Word for word, output the data, with none of its pictures.

▶ Information supplied:
■ ■ ■ ■ ■
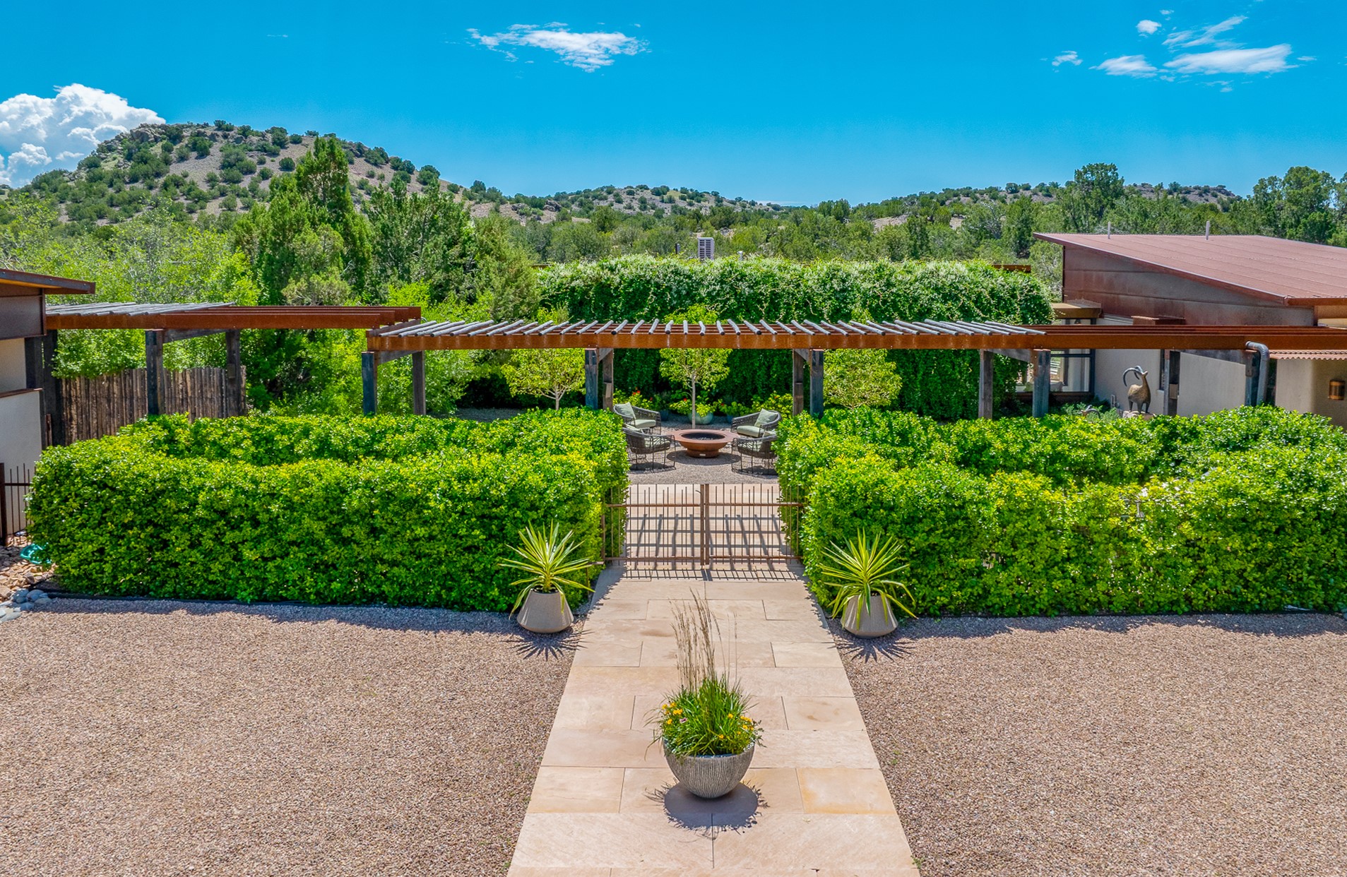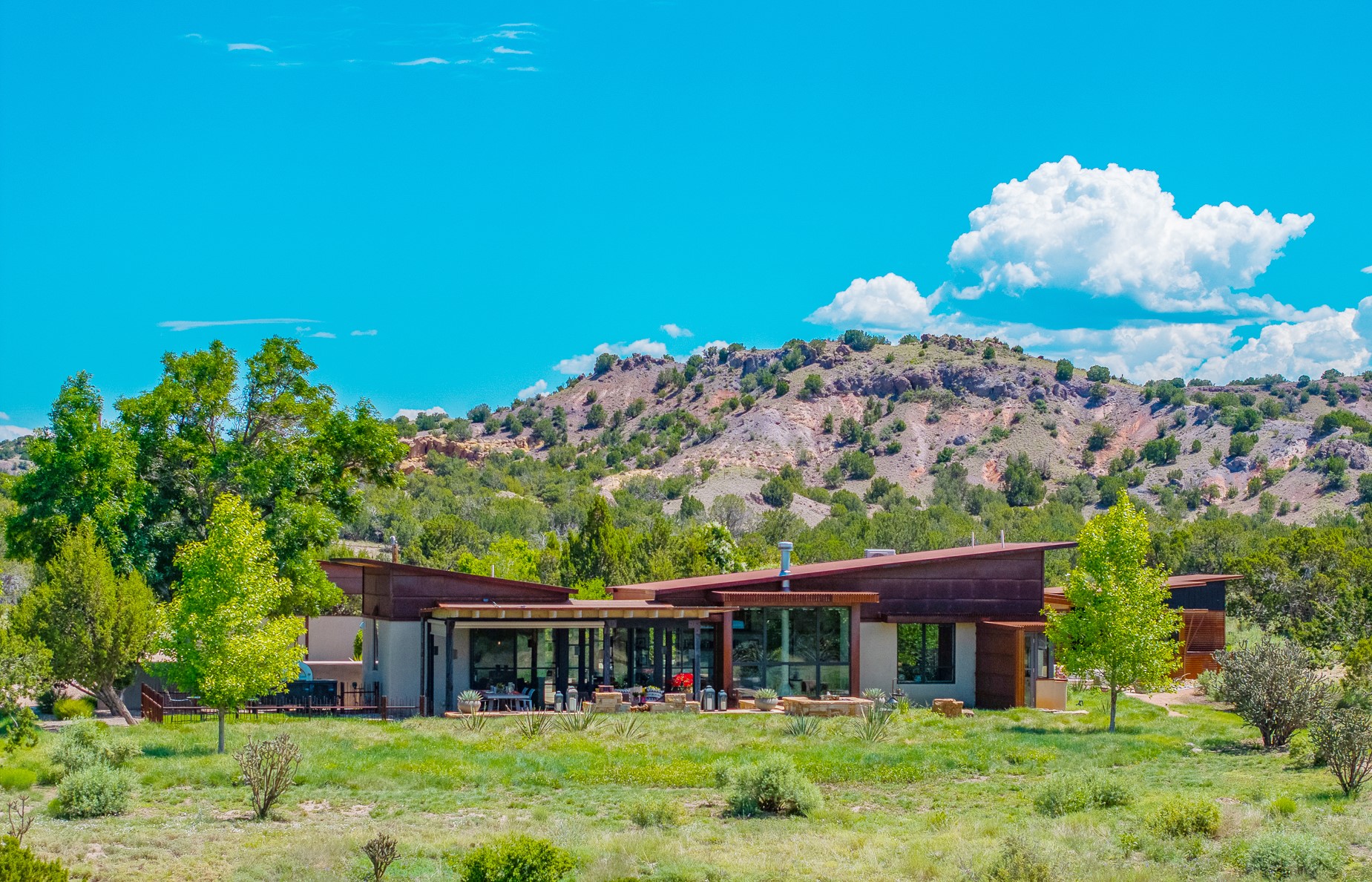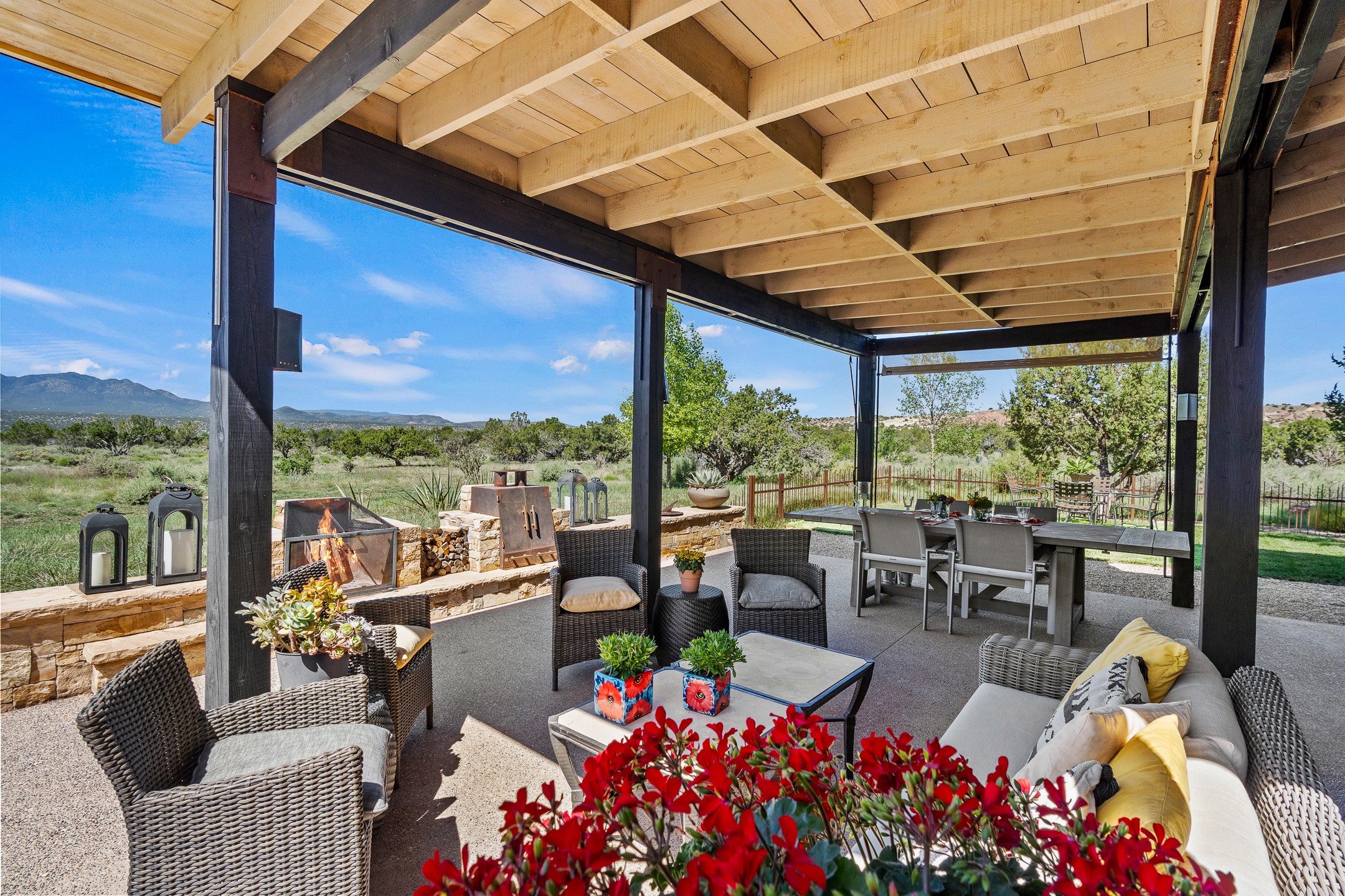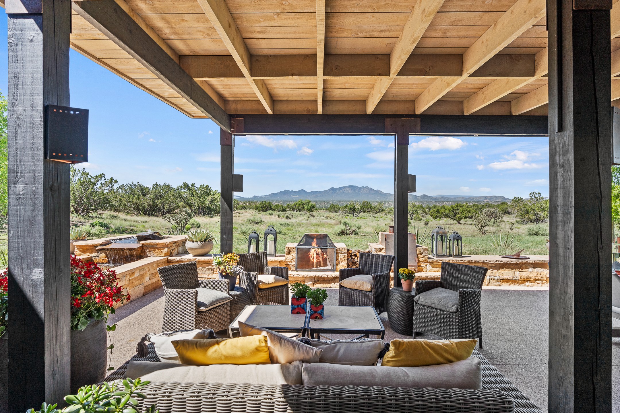 Architect-Designed Sanctuary on 44 Acres with Sweeping Ortiz Mountain ViewsSet on 44 pristine acres in the heart of Garden of the Gods rock formations, this architect-designed home is a striking fusion of form, function, and landscape. Completed in 2019 by its architect-owners, the residence reflects a deep sensitivity to place - modern in its lines, yet timeless in its connection to the land and its mesmerizing views of the Ortiz Mountains.The layout offers both simplicity and flexibility, with two bedrooms and a third space perfectly suited for a guest suite, office, or creative studio. Every detail is intentional--custom built-ins and integrated storage maintain clean lines without sacrificing utility. Expansive ceilings and precisely placed windows draw in natural light and frame breathtaking panoramas from nearly every room. The chef's kitchen is a showpiece of design and performance, anchored by a La Cornue range, Sub-Zero refrigerator and freezer, and Miele dishwasher. Raked German oak cabinetry and honed Taj Mahal marble countertops offer a warm, sculptural backdrop for both cooking and gathering. The primary suite is a peaceful retreat, complete with a spa-like bath featuring a Caldara salt-water hot tub, a custom walnut vanity with black Caesarstone counters, and a beautifully crafted walk-in shower. Seamless indoor-outdoor living defines the home. A welcoming entry courtyard, stone patios and covered areas extend the living space, perfectly oriented for sunrise coffee and sunset gatherings. A custom water feature adds a meditative element and is fed by a 12,000 gallon rain-catchment system that also supports the landscaping and garden irrigation. A 52-inch propane firepit, built-in pizza oven, and drought-tolerant yet lush landscaping complete the inviting feel of the exterior spaces. A 21 gal/min private well ensures abundant, high-quality water. A fenced and irrigated raised-bed vegetable garden/orchard and equipment/tractor workshop are adjacent to the 2 car carport (with EV car charger). The perimeter of the acreage is fenced and offers a perfect setting for equestrian facilities, including over two miles of scenic private riding/hiking trails that wind through rolling high desert terrain. An adjacent 20 acre parcel is also available for those seeking even more space and privacy. Rarely does a property of this architectural caliber and ecological sensitivity come to market. This is an extraordinary opportunity to own a soulful, design-forward retreat in one of Northern New Mexico's most scenic and serene settings. Only 10 minutes to Madrid and 20 minutes to Santa Fe.
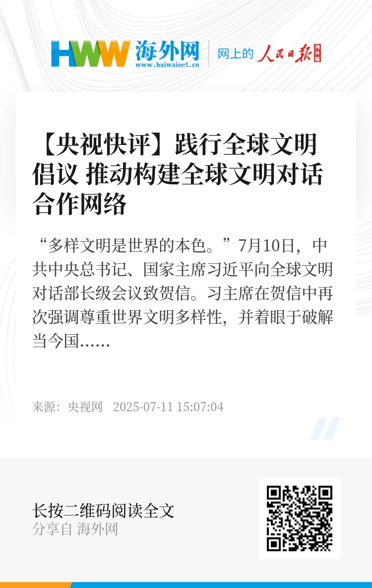 “多样文明是世界的本色。”7月10日,中共中央总书记、国家主席习近平向全球文明对话部长级会议致贺信。习主席在贺信中再次强调尊重世界文明多样性,并着眼于破解当今国际社会的深层矛盾与发展困局,深刻阐明了文明交流互鉴对于文明发展和人类进步的重要性,表达了中国深入推动文明交流互鉴、同世界携手并进的诚挚意愿。
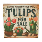 Spring In Bloom Tulips For Sale MDF Block Sign, a charming piece that captures the essence of a classic spring market. This 8x8-inch square sign features the text "Kline's Nursery Since 1942, Tulips for Sale" in rich green, offering a nostalgic touch reminiscent of old-fashioned market signs. The design is completed with a delightful image of a planter and watering pitcher overflowing with vibrant tulips in pink and yellow.
■ ■ ■ ■ ■
▶ Answer space:
 Architect-Designed Sanctuary on 44 Acres with Sweeping Ortiz Mountain ViewsSet on 44 pristine acres in the heart of Garden of the Gods rock formations, this architect-designed home is a striking fusion of form, function, and landscape. Completed in 2019 by its architect-owners, the residence reflects a deep sensitivity to place - modern in its lines, yet timeless in its connection to the land and its mesmerizing views of the Ortiz Mountains.The layout offers both simplicity and flexibility, with two bedrooms and a third space perfectly suited for a guest suite, office, or creative studio. Every detail is intentional--custom built-ins and integrated storage maintain clean lines without sacrificing utility. Expansive ceilings and precisely placed windows draw in natural light and frame breathtaking panoramas from nearly every room. The chef's kitchen is a showpiece of design and performance, anchored by a La Cornue range, Sub-Zero refrigerator and freezer, and Miele dishwasher. Raked German oak cabinetry and honed Taj Mahal marble countertops offer a warm, sculptural backdrop for both cooking and gathering. The primary suite is a peaceful retreat, complete with a spa-like bath featuring a Caldara salt-water hot tub, a custom walnut vanity with black Caesarstone counters, and a beautifully crafted walk-in shower. Seamless indoor-outdoor living defines the home. A welcoming entry courtyard, stone patios and covered areas extend the living space, perfectly oriented for sunrise coffee and sunset gatherings. A custom water feature adds a meditative element and is fed by a 12,000 gallon rain-catchment system that also supports the landscaping and garden irrigation. A 52-inch propane firepit, built-in pizza oven, and drought-tolerant yet lush landscaping complete the inviting feel of the exterior spaces. A 21 gal/min private well ensures abundant, high-quality water. A fenced and irrigated raised-bed vegetable garden/orchard and equipment/tractor workshop are adjacent to the 2 car carport (with EV car charger). The perimeter of the acreage is fenced and offers a perfect setting for equestrian facilities, including over two miles of scenic private riding/hiking trails that wind through rolling high desert terrain. An adjacent 20 acre parcel is also available for those seeking even more space and privacy. Rarely does a property of this architectural caliber and ecological sensitivity come to market. This is an extraordinary opportunity to own a soulful, design-forward retreat in one of Northern New Mexico's most scenic and serene settings. Only 10 minutes to Madrid and 20 minutes to Santa Fe.
 “多样文明是世界的本色。”7月10日,中共中央总书记、国家主席习近平向全球文明对话部长级会议致贺信。习主席在贺信中再次强调尊重世界文明多样性,并着眼于破解当今国际社会的深层矛盾与发展困局,深刻阐明了文明交流互鉴对于文明发展和人类进步的重要性,表达了中国深入推动文明交流互鉴、同世界携手并进的诚挚意愿。
 Spring In Bloom Tulips For Sale MDF Block Sign, a charming piece that captures the essence of a classic spring market. This 8x8-inch square sign features the text "Kline's Nursery Since 1942, Tulips for Sale" in rich green, offering a nostalgic touch reminiscent of old-fashioned market signs. The design is completed with a delightful image of a planter and watering pitcher overflowing with vibrant tulips in pink and yellow.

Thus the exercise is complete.